## TASK TO COMPLETE
Could you reproduce the lines below from the one with "Redhakhol (41 km)" through the one with "En el lugar, mediante"? Keep both ends and add nothing.
AVAILABLE DATA START
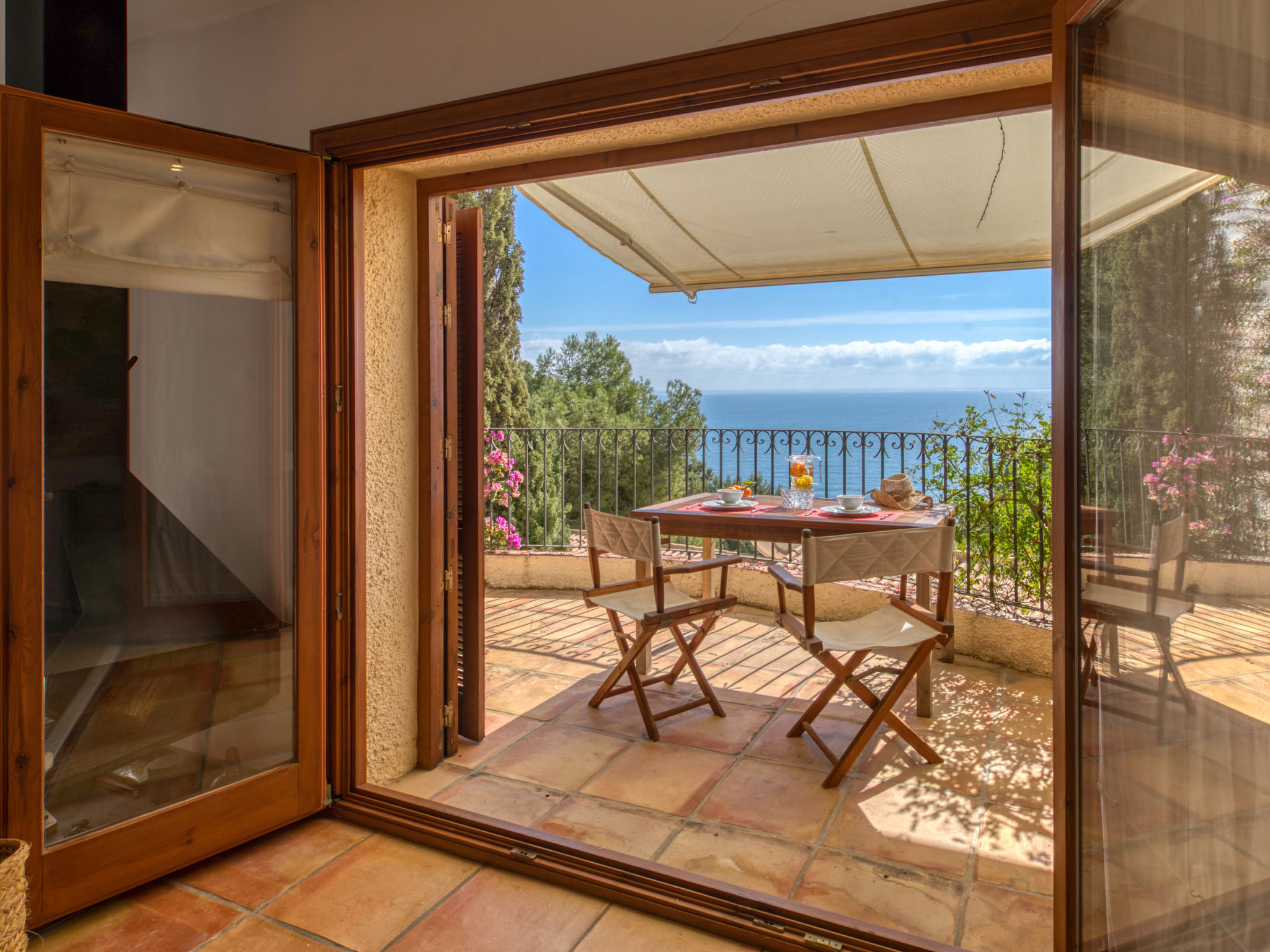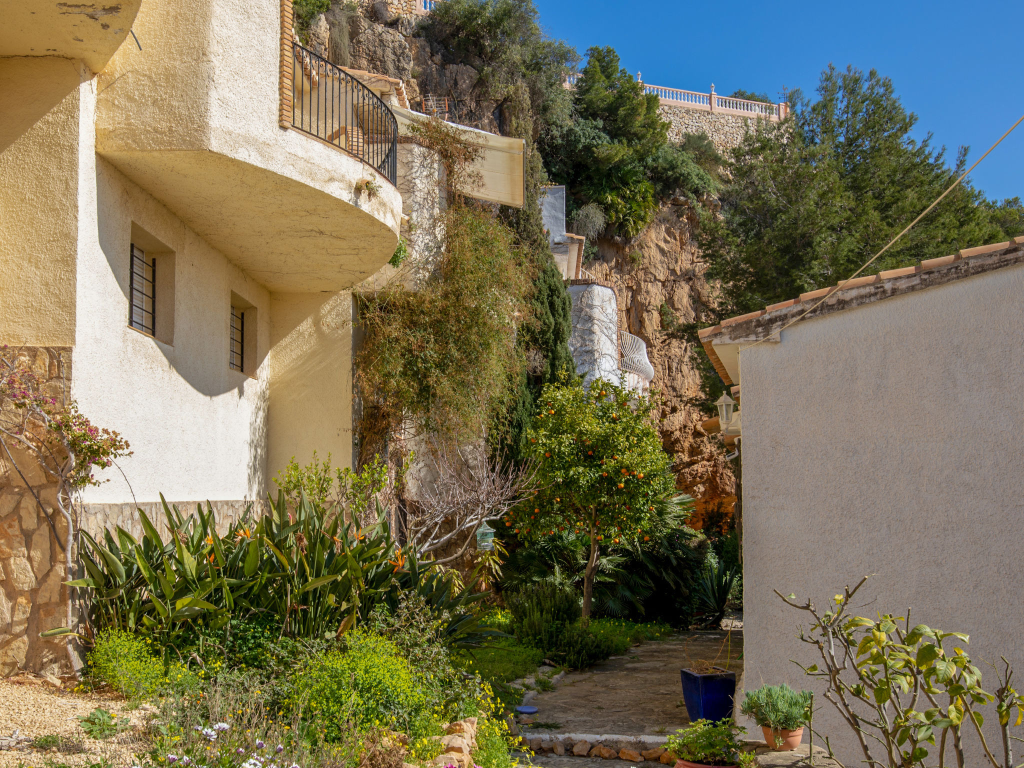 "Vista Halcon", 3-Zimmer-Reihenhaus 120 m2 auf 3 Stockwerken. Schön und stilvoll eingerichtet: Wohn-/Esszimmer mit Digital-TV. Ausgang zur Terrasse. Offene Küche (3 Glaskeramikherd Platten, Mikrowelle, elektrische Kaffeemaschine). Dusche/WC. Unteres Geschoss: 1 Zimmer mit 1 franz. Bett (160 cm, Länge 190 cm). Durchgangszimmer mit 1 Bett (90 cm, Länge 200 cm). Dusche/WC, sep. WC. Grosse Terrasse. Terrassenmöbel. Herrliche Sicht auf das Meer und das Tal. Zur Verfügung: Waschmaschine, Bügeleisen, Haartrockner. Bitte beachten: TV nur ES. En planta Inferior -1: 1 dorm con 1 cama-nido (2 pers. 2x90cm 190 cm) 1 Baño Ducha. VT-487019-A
AVAILABLE DATA END
AVAILABLE DATA START
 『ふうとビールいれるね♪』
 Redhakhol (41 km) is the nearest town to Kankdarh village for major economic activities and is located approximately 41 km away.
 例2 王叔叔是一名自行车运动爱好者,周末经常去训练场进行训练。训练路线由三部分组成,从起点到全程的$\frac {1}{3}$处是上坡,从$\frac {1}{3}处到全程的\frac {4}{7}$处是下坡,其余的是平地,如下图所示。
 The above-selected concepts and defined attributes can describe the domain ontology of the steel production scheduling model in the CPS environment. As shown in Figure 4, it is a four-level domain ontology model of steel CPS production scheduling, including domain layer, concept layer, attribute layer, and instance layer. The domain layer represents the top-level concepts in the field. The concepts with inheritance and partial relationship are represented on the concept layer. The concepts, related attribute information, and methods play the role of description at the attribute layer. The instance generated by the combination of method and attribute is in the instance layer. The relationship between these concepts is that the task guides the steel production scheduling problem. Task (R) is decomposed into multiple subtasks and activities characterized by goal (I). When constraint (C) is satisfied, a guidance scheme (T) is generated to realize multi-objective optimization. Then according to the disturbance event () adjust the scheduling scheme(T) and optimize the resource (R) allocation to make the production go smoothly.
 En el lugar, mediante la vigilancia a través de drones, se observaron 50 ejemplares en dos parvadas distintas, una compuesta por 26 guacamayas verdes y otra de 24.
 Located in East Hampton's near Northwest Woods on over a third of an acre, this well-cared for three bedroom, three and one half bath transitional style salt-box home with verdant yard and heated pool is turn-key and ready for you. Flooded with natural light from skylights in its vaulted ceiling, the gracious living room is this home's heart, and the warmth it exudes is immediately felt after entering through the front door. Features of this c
AVAILABLE DATA END
AVAILABLE DATA START
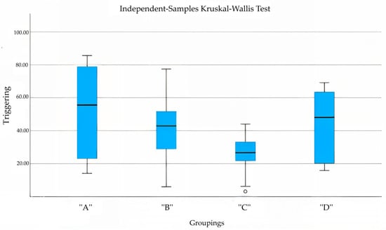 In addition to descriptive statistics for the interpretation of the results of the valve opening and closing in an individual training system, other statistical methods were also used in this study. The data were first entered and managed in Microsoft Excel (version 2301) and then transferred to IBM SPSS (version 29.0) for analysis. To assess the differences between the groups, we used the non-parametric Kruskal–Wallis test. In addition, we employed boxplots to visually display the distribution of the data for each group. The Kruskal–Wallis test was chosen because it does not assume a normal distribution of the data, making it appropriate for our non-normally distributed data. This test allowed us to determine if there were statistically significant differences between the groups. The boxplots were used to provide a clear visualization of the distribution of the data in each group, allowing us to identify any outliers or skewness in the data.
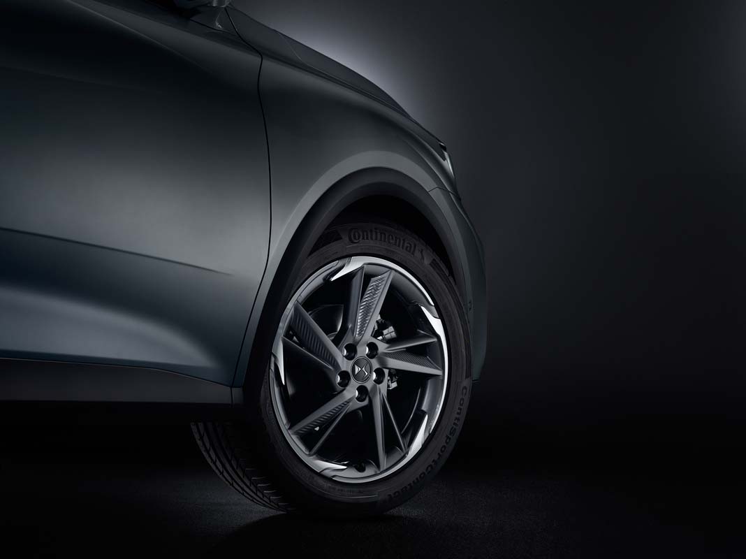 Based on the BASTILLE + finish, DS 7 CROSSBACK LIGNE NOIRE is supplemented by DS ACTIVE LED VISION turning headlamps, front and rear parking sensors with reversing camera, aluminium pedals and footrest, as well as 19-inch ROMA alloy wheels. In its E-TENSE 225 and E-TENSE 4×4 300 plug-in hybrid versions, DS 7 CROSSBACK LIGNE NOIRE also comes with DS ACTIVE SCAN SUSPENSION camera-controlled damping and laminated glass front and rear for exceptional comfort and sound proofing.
AVAILABLE DATA END
## EXPECTED ANSWER
 Redhakhol (41 km) is the nearest town to Kankdarh village for major economic activities and is located approximately 41 km away.
 例2 王叔叔是一名自行车运动爱好者,周末经常去训练场进行训练。训练路线由三部分组成,从起点到全程的$\frac {1}{3}$处是上坡,从$\frac {1}{3}处到全程的\frac {4}{7}$处是下坡,其余的是平地,如下图所示。
 The above-selected concepts and defined attributes can describe the domain ontology of the steel production scheduling model in the CPS environment. As shown in Figure 4, it is a four-level domain ontology model of steel CPS production scheduling, including domain layer, concept layer, attribute layer, and instance layer. The domain layer represents the top-level concepts in the field. The concepts with inheritance and partial relationship are represented on the concept layer. The concepts, related attribute information, and methods play the role of description at the attribute layer. The instance generated by the combination of method and attribute is in the instance layer. The relationship between these concepts is that the task guides the steel production scheduling problem. Task (R) is decomposed into multiple subtasks and activities characterized by goal (I). When constraint (C) is satisfied, a guidance scheme (T) is generated to realize multi-objective optimization. Then according to the disturbance event () adjust the scheduling scheme(T) and optimize the resource (R) allocation to make the production go smoothly.
 En el lugar, mediante la vigilancia a través de drones, se observaron 50 ejemplares en dos parvadas distintas, una compuesta por 26 guacamayas verdes y otra de 24.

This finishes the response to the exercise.